Vol. 26, Issue 8, 812-817, August 1998

Interaction of Periodate-Oxidized UDP-Glucuronic Acid with Recombinant Human Liver UDP-Glucuronosyltransferase 1A6

Eric Battaglia, Nadege Terrier,¹ Magdalena Mizeracka, Claire Senay, Jacques Magdalou, Sylvie Fournel-Gigleux, and Anna Radominska-Pandya

Department of Internal Medicine, University of Arkansas for Medical Sciences (E.B., M.M., A.R.-P.), and URA CNRS 1288, Faculté de Médecine (N.T., C.S., J.M., S.F.-G.)

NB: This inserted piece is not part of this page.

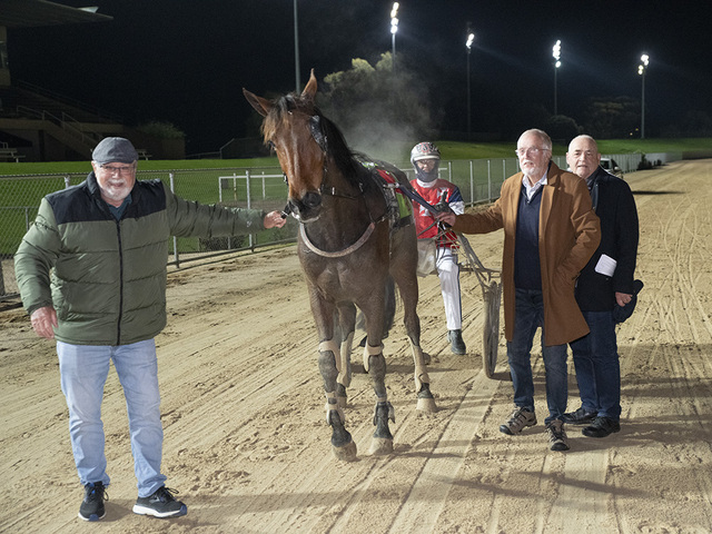 Connections of Cadence Lane celebrate their win at Globe Derby Park on Saturday, which was one of five winners on the card trained by Ryan Hryhorec. (Supplied: Arclight Photography)

Sodium periodate reacts with UDP-glucuronic acid (UDP-GlcUA) to generate a reactive derivative [periodate-oxidized UDP-GlcUA (o-UDP-GlcUA)]. The ability of this analog of UDP-GlcUA to inactivate and label the human recombinant UDP-glucuronosyltransferase (UGT) UGT1A6 via the UDP-GlcUA binding site was investigated. At an o-UDP-GlcUA concentration of 20 mM, the enzymatic activity of UGT1A6 was totally inactivated after 30 min of incubation at pH 7.4. Inhibition was irreversible, time-dependent, and concentration-dependent and exhibited pseudo-first order kinetics (k_inact = 4.0 M¹·min¹). Cosubstrate protection with UDP-GlcUA was biphasic, with no protection in the first phase and almost total protection in the second phase, suggesting that at least 65% of the cross-linking occurs at the cosubstrate binding site. Partial inactivation by o-UDP-GlcUA led to a decrease in V_max, suggesting that o-UDP-GlcUA can act as an active site-directed inhibitor. Furthermore, proteins, including the UGTs, from membrane fractions of a recombinant V79 cell line expressing the UGT1A6 enzyme and from rat liver microsomes were cross-linked by in situ periodate oxidation of [-³²P]UDP-GlcUA. The present results suggest that periodate-oxidized UDP-GlcUA, which inactivates UGT1A6 by the possible formation of a Schiff base adduct with active site lysyl residues, can be used as a new affinity label for the UDP-GlcUA binding site.